Web hopping

It used to be best known as the Steel City, but today Pittsburgh is a popular city that draws visitors to enjoy its scenery, visit its museums and browse through neighborhoods of shops and restaurants.


Some of its attractions are unique, such as the National Aviary, which boasts representatives of more than 200 species of birds, some of them endangered in the wild. Click on “Our Birds” to see what’s there; you can search by name or by geographic region, from North America to Australia. Look under “Our Birds” for feeding times at “Bird Shows,” and then hit “Events” for programs such as December’s penguin and snowy owl show with Santa Claus. The aviary is on the city’s North Side, across the Allegheny River from downtown.



Something else Pittsburgh has that’s difficult to find this side of Switzerland is a public transit ride called an incline. The Allegheny County Port Authority runs one of them, the Monongahela, and the Society for the Preservation of the Duquesne Incline operates the other. They’re both more than a century old, built to carry people up and down the steep slopes on the city’s South Side. Try them for the history and for the view of the city.

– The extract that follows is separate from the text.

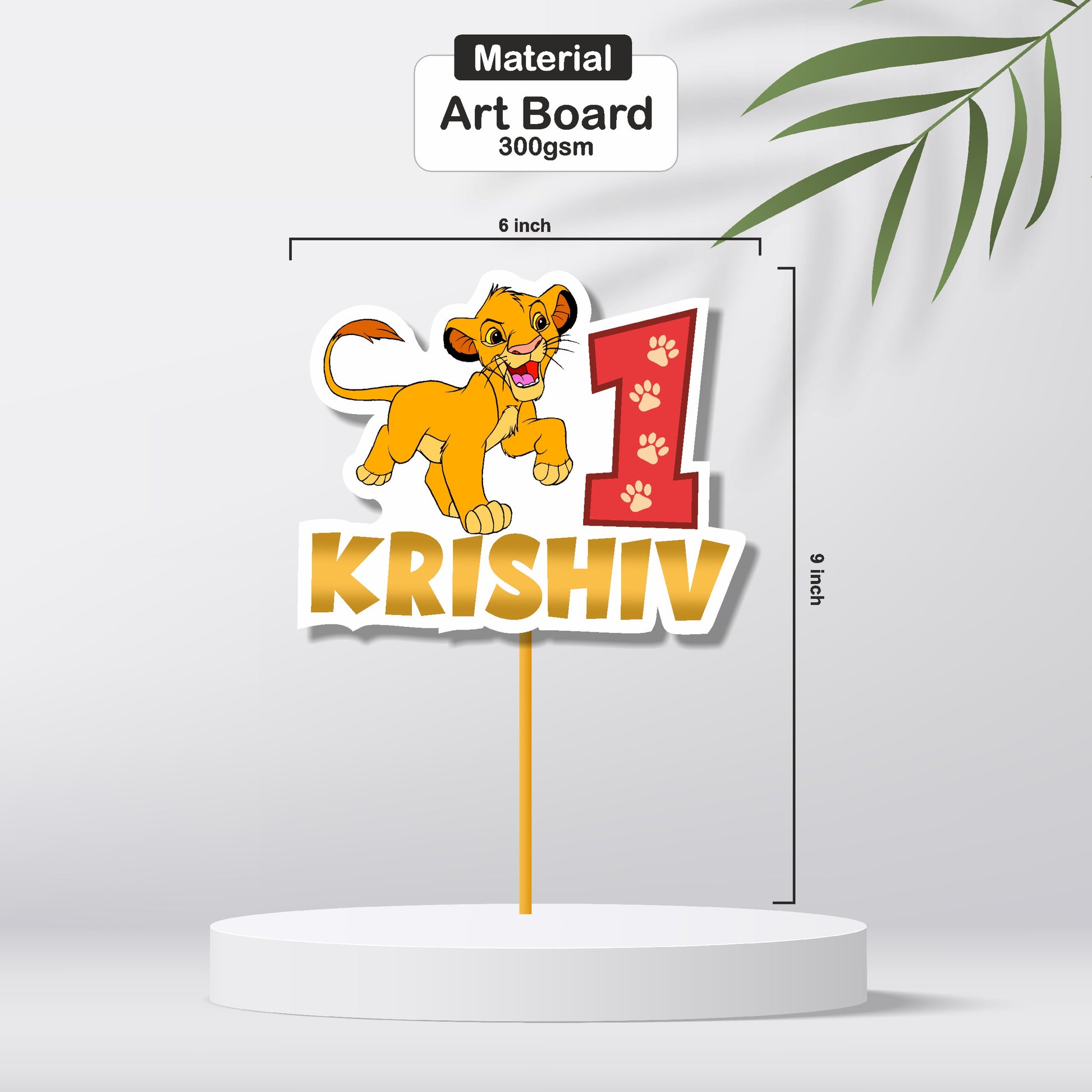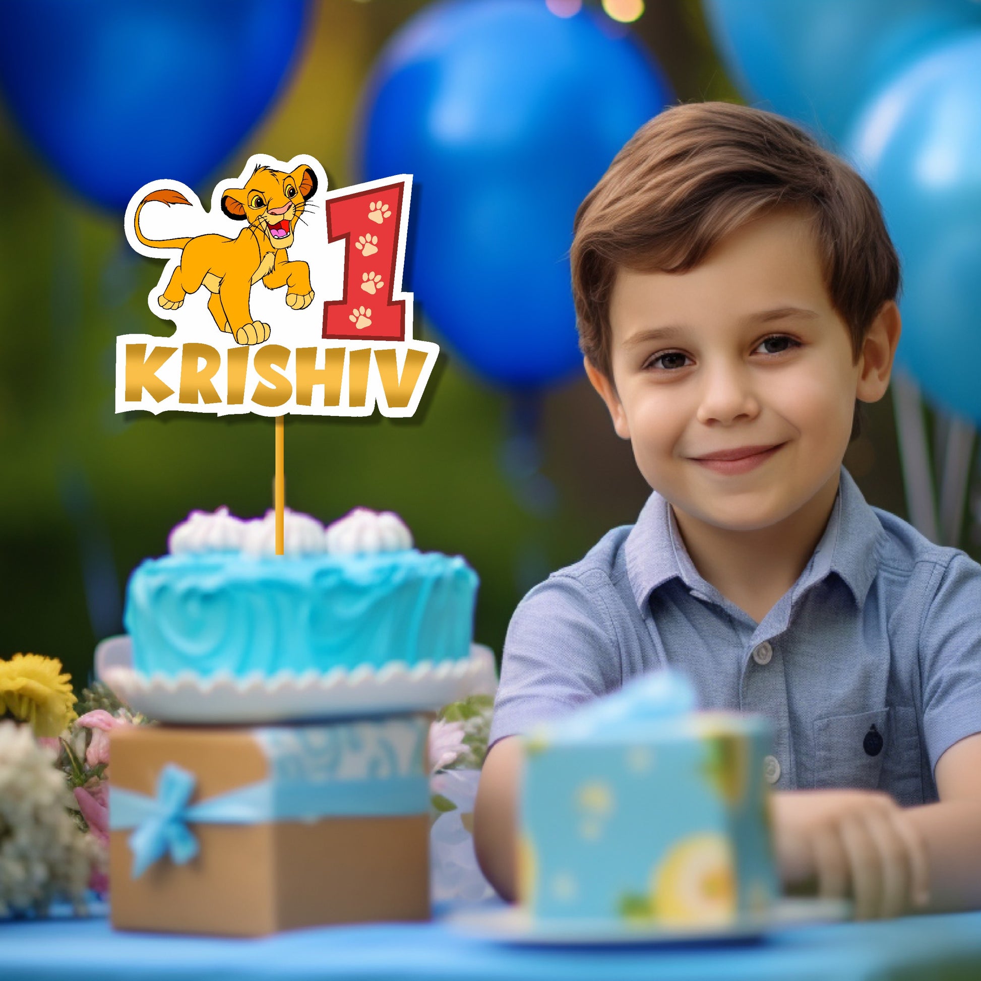Crown your cake the King of the Jungle! Our personalized Lion King Cake Topper is the perfect centerpiece for your birthday dessert. This vibrant, multi-layered topper features an adorable scene with young Simba, Timon, and Pumbaa nestled among tropical leaves and flowers. The topper is prominently customized with your child's name and age, making it a cheerful, eye-catching focal point for your Pride Lands celebration!
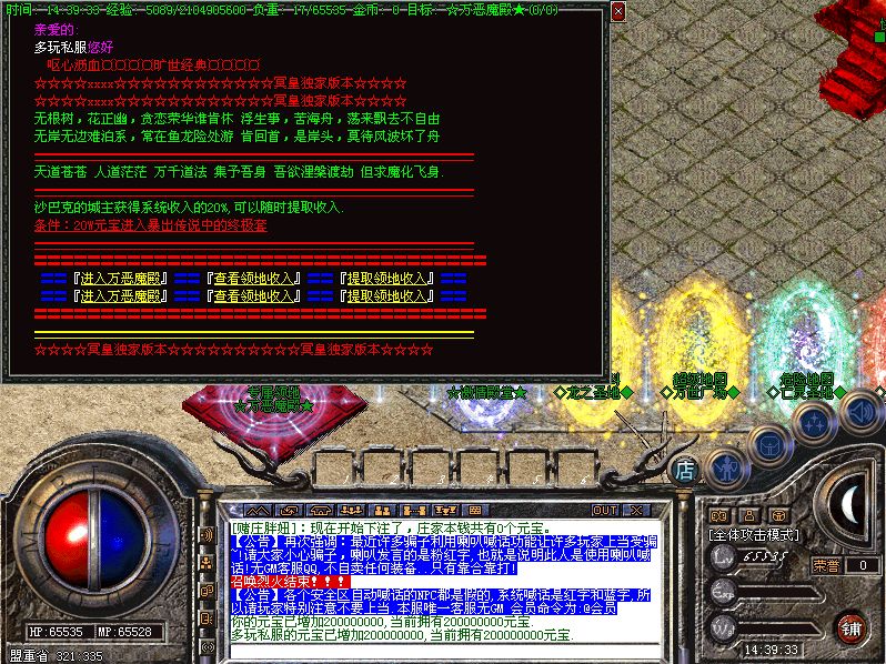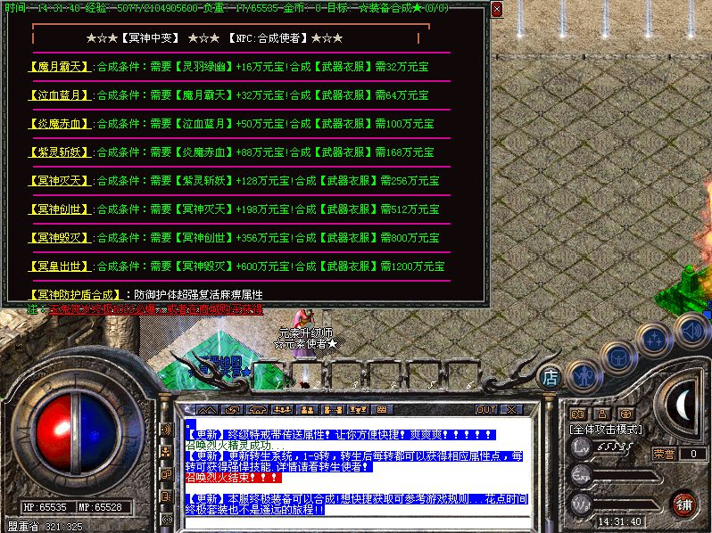 【更新】更新转生系统,1-9转,转生后每转都可以获得相应属性点,每转可获得强悍技能.详情请看转生使者!

From the inclines, you can see Point State Park, the tip of downtown at the point where the Monongahela and Allegheny rivers merge to form the Ohio River. It’s the home of the Fort Pitt Museum, commemorating the site’s importance during the French and British struggles to dominate the region.


Besides the view, the South Side offers places to eat and shop. The local Chamber of Commerce has directories of the businesses, with a photo gallery and a map.


There are more places to eat and spend money in The Strip, a former industrial and merchant district on the Allegheny River northeast of downtown. It’s full of shops with art and antiques, ethnic markets, restaurants and bars.


A Pittsburgh trademark restaurant that started in the Strip, and has since expanded elsewhere in the city, is Primanti Brothers, famous for overstuffed sandwiches.



But there’s more to see and do. The official Visit Pittsburgh guide has a multimedia library to show you around, including more than three dozen videos and great skyline still photos. And if you’re taking your iPod, look for “Video Walking tours.”

How else could you fill your time? Click on “See &Do” to browse through festivals, landmarks, performing arts and “Family Fun,” including the children’s Museum and the Gateway Clipper Fleet of sightseeing boats. If you fancy something under glass besides the Aviary’s flocks, try the Phipps Conservatory and Botanical Gardens, with its Victorian greenhouse of 13 rooms.

The “See &Do” section also has “Pittsburgh &Its Countryside” for the days when you want to get out of the downtown area. Look for the Laurel Highlands Visitors Bureau to explore a region southeast of the city of scenic roads, covered bridges and Frank Lloyd Wright’s Fallingwater house.